_How to complete this task_: Set down, exactly and only, everything from the line containing "一个黑平台 FB,10000" down to the line containing "soeben vor der" in the data below; the pictures are not part of the copy.

━━━ Data records ━━━

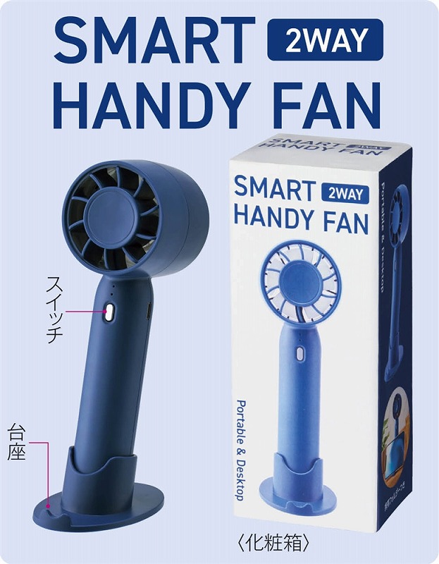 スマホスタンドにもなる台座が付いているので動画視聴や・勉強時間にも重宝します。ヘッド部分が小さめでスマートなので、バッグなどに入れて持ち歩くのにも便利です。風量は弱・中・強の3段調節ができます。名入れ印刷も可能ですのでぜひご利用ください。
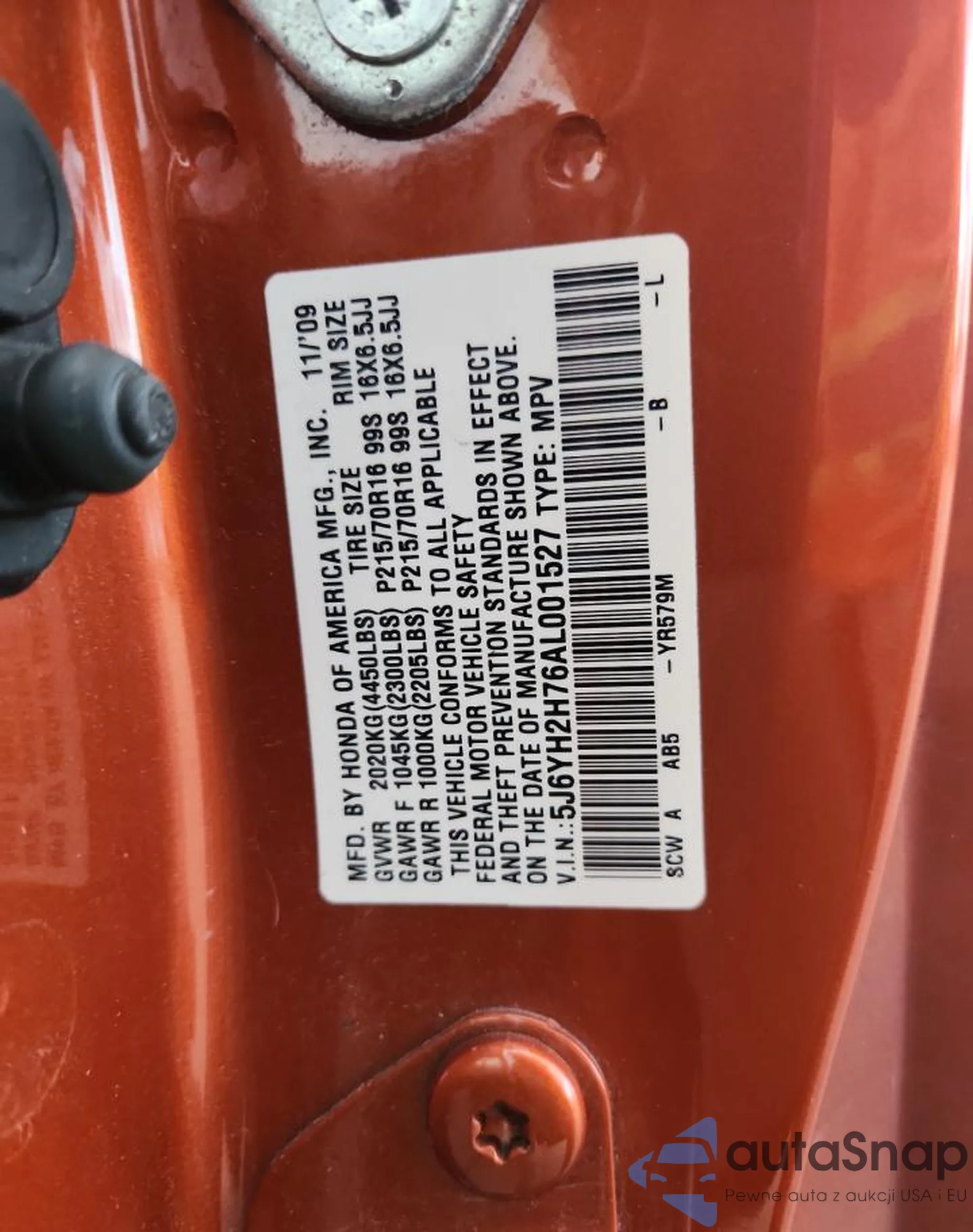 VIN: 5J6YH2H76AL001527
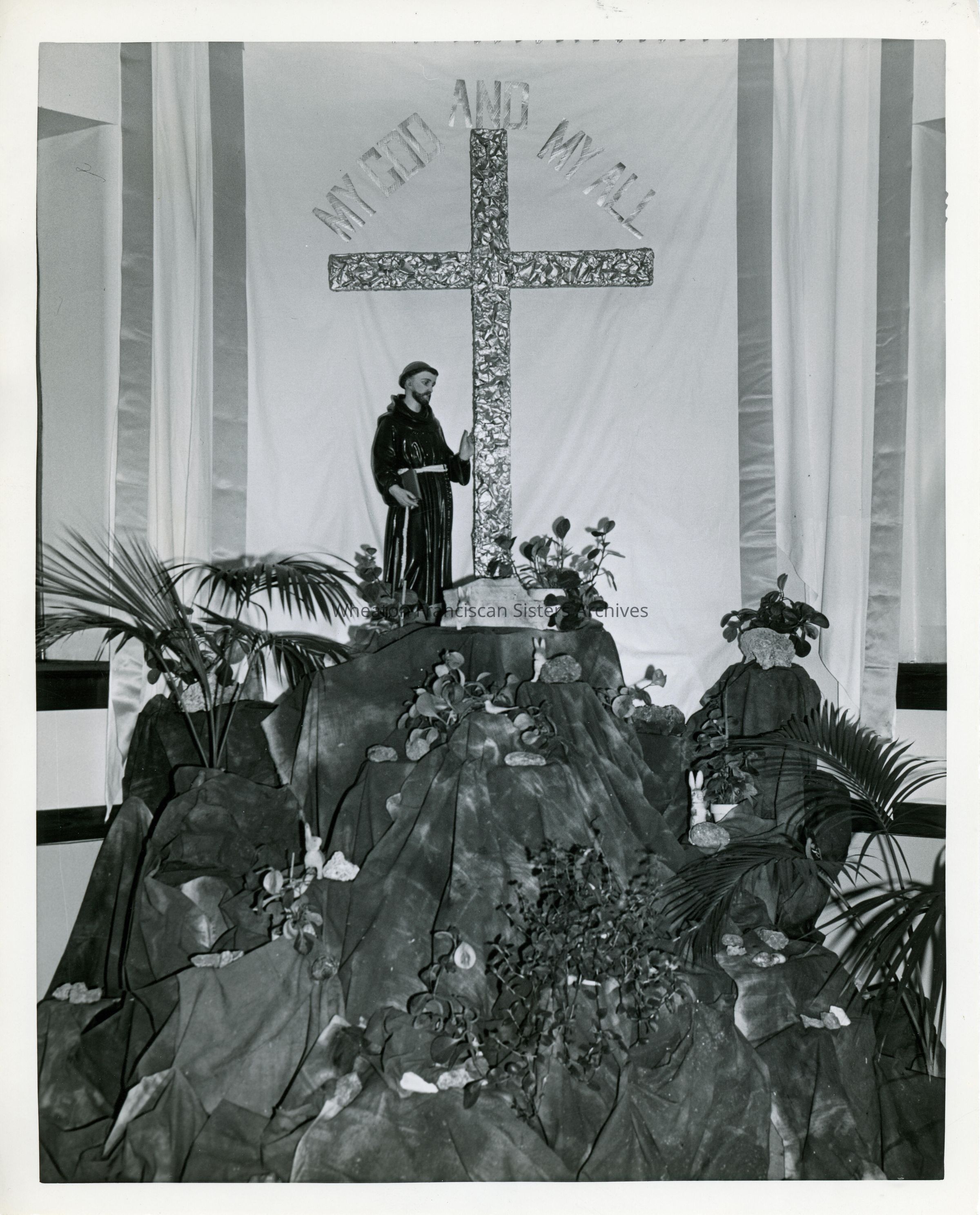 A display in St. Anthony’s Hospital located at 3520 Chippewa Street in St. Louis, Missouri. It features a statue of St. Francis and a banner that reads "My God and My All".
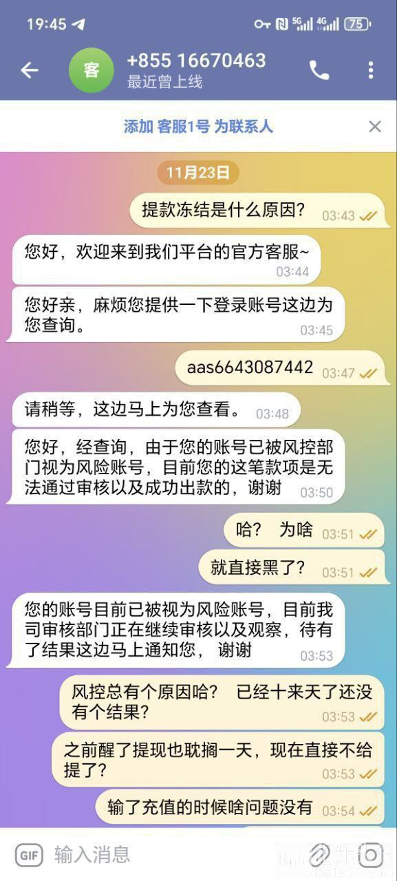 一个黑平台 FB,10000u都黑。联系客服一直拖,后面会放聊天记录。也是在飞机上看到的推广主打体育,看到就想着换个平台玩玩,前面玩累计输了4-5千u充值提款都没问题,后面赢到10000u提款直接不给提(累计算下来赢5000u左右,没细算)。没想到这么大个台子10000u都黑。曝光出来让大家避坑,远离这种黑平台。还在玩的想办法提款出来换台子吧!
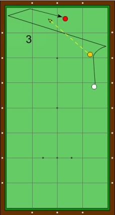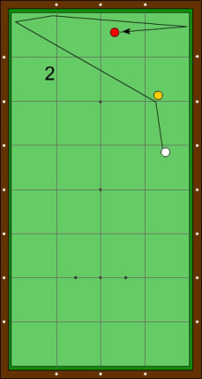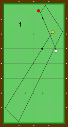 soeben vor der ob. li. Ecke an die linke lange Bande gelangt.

━━━
━━━ Data records ━━━

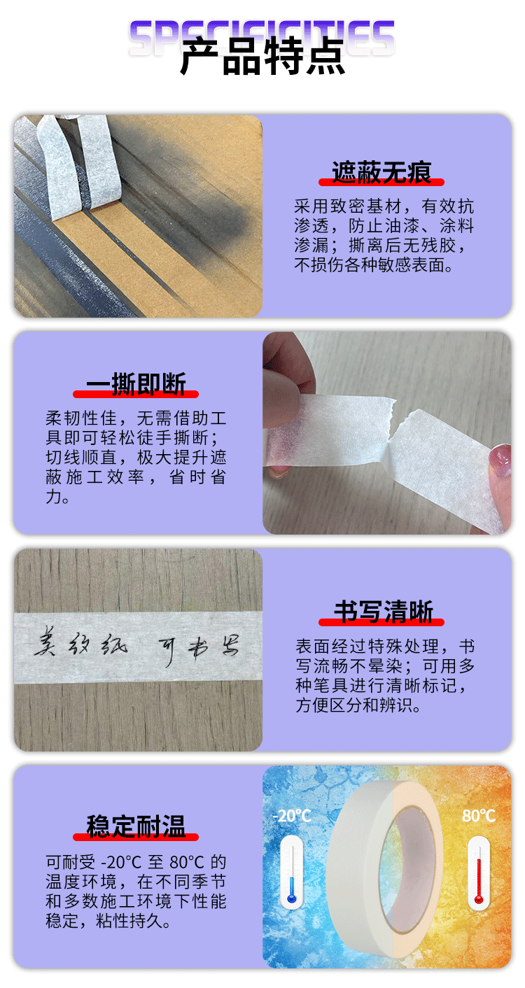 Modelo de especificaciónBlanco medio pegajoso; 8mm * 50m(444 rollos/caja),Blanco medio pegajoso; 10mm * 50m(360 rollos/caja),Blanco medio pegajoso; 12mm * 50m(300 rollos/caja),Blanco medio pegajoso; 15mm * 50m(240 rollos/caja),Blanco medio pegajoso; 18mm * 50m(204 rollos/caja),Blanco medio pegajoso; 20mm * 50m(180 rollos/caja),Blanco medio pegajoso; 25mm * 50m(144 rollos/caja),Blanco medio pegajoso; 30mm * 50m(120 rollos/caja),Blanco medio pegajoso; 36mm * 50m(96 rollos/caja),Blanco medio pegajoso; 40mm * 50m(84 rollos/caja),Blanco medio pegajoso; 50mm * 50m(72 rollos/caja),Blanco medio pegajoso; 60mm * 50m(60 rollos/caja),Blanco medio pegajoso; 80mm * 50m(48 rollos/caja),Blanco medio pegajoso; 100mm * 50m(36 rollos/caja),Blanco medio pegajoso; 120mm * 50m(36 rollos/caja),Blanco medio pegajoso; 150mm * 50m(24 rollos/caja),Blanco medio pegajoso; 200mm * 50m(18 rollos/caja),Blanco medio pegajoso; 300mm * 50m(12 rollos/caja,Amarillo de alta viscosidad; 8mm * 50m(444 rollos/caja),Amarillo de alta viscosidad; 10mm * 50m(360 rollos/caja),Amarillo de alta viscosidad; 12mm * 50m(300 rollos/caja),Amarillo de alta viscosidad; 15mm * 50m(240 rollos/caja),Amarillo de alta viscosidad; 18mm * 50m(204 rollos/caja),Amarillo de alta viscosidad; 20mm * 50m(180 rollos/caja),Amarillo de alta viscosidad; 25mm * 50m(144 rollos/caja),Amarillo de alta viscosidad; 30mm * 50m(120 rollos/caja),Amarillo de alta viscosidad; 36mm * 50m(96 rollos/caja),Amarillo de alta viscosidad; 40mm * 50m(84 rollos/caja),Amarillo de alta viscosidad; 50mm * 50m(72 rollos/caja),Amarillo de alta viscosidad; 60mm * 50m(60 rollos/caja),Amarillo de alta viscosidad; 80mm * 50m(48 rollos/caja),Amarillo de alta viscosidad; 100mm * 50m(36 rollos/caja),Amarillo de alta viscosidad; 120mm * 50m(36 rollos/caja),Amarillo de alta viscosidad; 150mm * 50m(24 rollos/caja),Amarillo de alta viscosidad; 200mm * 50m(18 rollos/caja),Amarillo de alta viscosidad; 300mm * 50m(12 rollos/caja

━━━
━━━ Data records ━━━

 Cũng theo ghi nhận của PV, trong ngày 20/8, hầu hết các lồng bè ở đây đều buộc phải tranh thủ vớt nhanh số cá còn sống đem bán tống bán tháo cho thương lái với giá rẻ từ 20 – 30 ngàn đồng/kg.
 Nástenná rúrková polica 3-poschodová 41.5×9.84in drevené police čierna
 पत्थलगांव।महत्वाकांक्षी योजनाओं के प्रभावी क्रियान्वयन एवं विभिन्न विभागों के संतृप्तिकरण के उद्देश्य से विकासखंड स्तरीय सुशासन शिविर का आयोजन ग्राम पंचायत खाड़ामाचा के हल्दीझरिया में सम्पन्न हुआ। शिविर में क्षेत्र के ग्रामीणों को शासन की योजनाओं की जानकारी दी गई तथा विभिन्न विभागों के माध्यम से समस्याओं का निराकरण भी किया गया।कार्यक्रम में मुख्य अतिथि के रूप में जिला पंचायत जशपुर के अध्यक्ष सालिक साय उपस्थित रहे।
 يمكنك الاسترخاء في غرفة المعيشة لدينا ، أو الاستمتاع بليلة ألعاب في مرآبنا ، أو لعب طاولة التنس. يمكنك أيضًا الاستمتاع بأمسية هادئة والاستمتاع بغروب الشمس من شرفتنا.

━━━

_Task response_:
 一个黑平台 FB,10000u都黑。联系客服一直拖,后面会放聊天记录。也是在飞机上看到的推广主打体育,看到就想着换个平台玩玩,前面玩累计输了4-5千u充值提款都没问题,后面赢到10000u提款直接不给提(累计算下来赢5000u左右,没细算)。没想到这么大个台子10000u都黑。曝光出来让大家避坑,远离这种黑平台。还在玩的想办法提款出来换台子吧!
 soeben vor der ob. li. Ecke an die linke lange Bande gelangt.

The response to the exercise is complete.